**PROBLEM DETAILS**
Every line from the one with "Photograph 3: Section" to the final line of the records should be printed exactly as it is, with pictures left out.

---------- MATERIAL TO PROCESS ----------

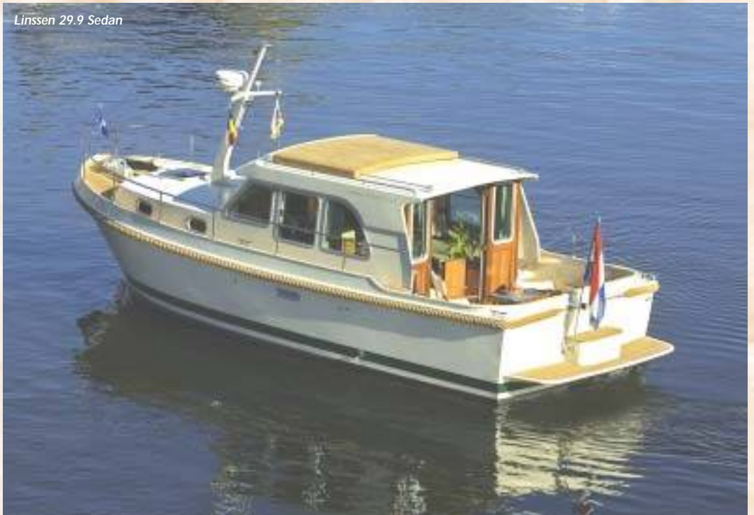
Linssen 29.9 Sedan

The boat layouts, pictures and descriptions are for general guidance only. Some boats may have minor variations e.g. bed positions, appliance positions, trim colours etc.
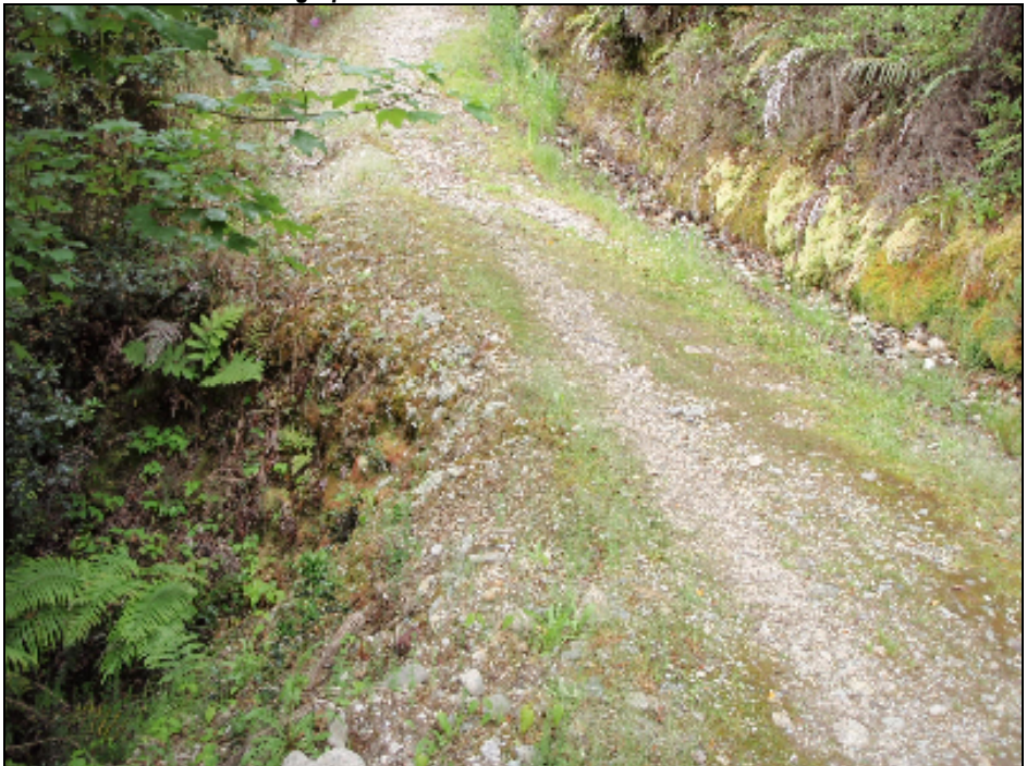
Photograph 3: Section of access track to reservoir

Site access is by a steep, narrow and winding four-wheel drive track that would be unsuitable for access by any kind of crane truck. A section of the track can be seen in Photograph 3 . Due to very difficult access to the site, different material options for the solid roof were considered, based on their ability to be either constructed on site or lifted to site with a helicopter. A steel frame solution was ultimately adopted.
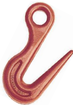
A-378 SORTING HOOK

*Ultimate Load is 5 times the Working Load Limit.
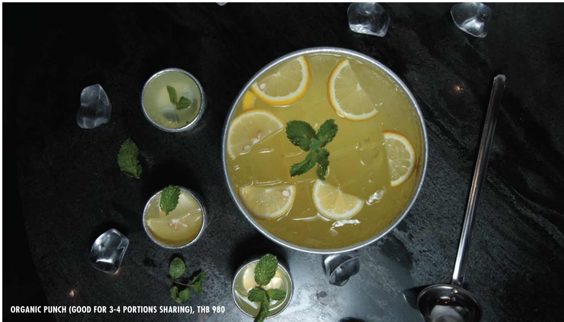
ORGANIC PUNCH (GOOD FOR 3-4 PORTIONS SHARING), THB 980
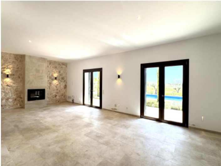
Finca Llucmajor Livingroom
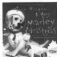
A Very Marley Christmas John Grogan
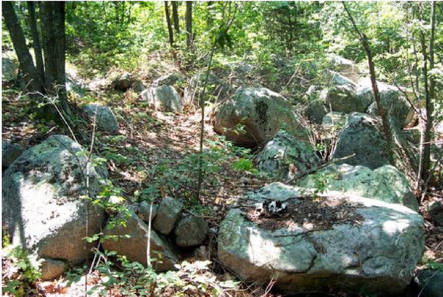
Dogtown in Gloucester Terminal Moraine
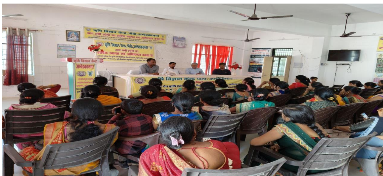
Training on Nutritional value and Importance of Balance diet
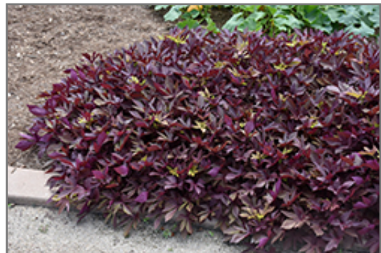
SolarPower Red Sweet Potato Vine

We are so proud of the nursery stock that we have carefully selected for superior quality and performance, WE GUARANTEE ALL TREES, SHRUBS, EVERGREENS FOR 2 YEARS, AND ROSES FOR 1 YEAR!
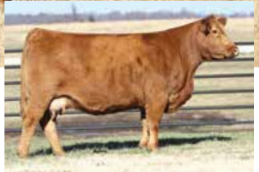
MAGS HANNAH 9726W | DAM OF LOTS 67 & 68
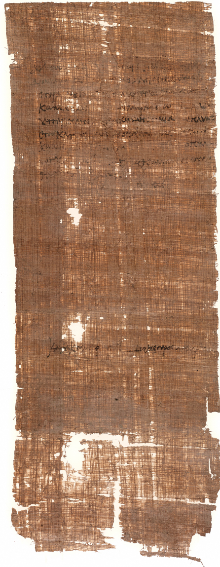
P.Mich. inv. 4406a.
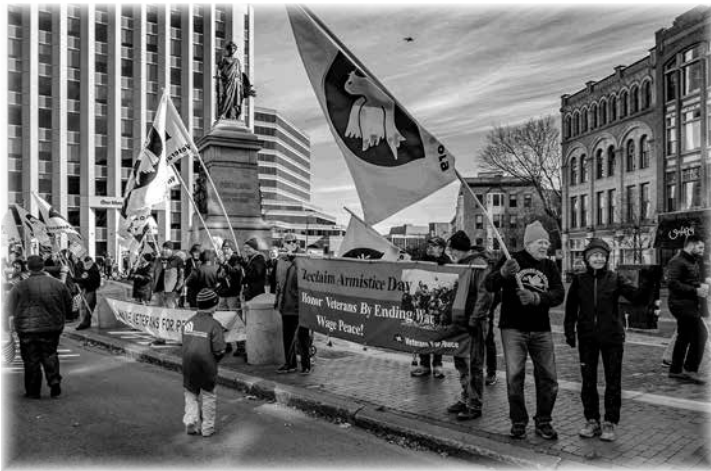
Chapter 1 members with lots of VFP flags and a “Reclaim Armistice Day” banner gather at Monument Square, along Portland’s parade route, to protest the glorification of war.

----------

**OUTPUT BELOW**
Photograph 3: Section of access track to reservoir

Site access is by a steep, narrow and winding four-wheel drive track that would be unsuitable for access by any kind of crane truck. A section of the track can be seen in Photograph 3 . Due to very difficult access to the site, different material options for the solid roof were considered, based on their ability to be either constructed on site or lifted to site with a helicopter. A steel frame solution was ultimately adopted.
A-378 SORTING HOOK

*Ultimate Load is 5 times the Working Load Limit.
ORGANIC PUNCH (GOOD FOR 3-4 PORTIONS SHARING), THB 980
Finca Llucmajor Livingroom
A Very Marley Christmas John Grogan
Dogtown in Gloucester Terminal Moraine
Training on Nutritional value and Importance of Balance diet
SolarPower Red Sweet Potato Vine

We are so proud of the nursery stock that we have carefully selected for superior quality and performance, WE GUARANTEE ALL TREES, SHRUBS, EVERGREENS FOR 2 YEARS, AND ROSES FOR 1 YEAR!
MAGS HANNAH 9726W | DAM OF LOTS 67 & 68
P.Mich. inv. 4406a.
Chapter 1 members with lots of VFP flags and a “Reclaim Armistice Day” banner gather at Monument Square, along Portland’s parade route, to protest the glorification of war.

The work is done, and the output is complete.